I like both colors. Normally I prefer a medium (not greenish or purplish) WC indoors because I find 6500K or so bluish white to be a beautiful color to work under (and even just to stare at during extended periods of white wall hunting! :shrug However I agree that they make outdoor scenery lifeless. The neutral CREEs put out more green and red compared to blue than the cold ones. Explains why they 'flesh out' the colors of an outdoor scene. Even if there's not a lot of greenery around, soil, wood, and rocks still have quite a bit of red in them waiting to be rendered.
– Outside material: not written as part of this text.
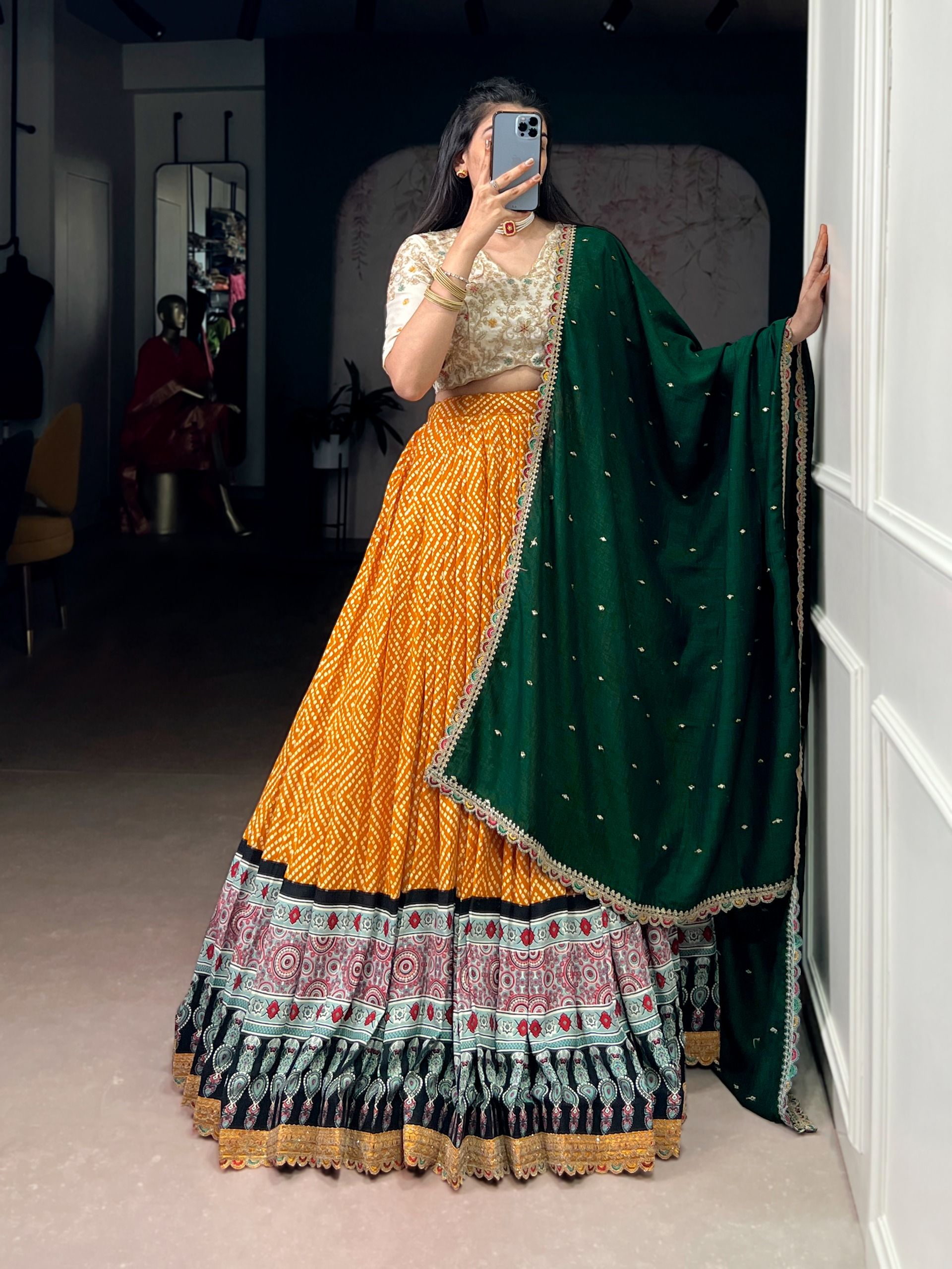 | Lehenga (Stitched) | Lehenga (Stitched) Lehenga Fabric : Rayon Lehenga Work : Bandhej And Ajarakh Print With Sequins and Thread Embroidery Lace Touch up Lehenga Waist : SUPPORTED UP TO 42 Lehenga Closer : Drawstring With Zip Stitching : Stitched With Canvas Length : 41 Flair : 4 Meter Inner : Micro Crepe |

But a related reason is that outdoors the throw is further, light dimmer, and scotopic vision dominates. An already red-deprived light source is made to look almost red-less by the greatly diminishing visual availability of red as light levels drop. Additional red / reduced blue in the source will help to counteract this. Of course that takes more power, but the improved color rendering helps to make up for this. 

So to sum up, I think I need one of each!!! :naughty: :sigh:


----------



## Tekno_Cowboy (Feb 9, 2009)

4sevens said:


> Nice! The D10's are trickier than the EX10's because the LE is screwed in.
> Congrats on a successful mod! Keep in mind doing this is at your own risk
> and voids all warranty



Just to clarify, if the LED is swapped, would that also eliminate any warranty covering mechanical defects like the end of the piston falling off, or the body splitting at the threads, just to name a couple of things I've heard about, or would it just void the warranty on the LE?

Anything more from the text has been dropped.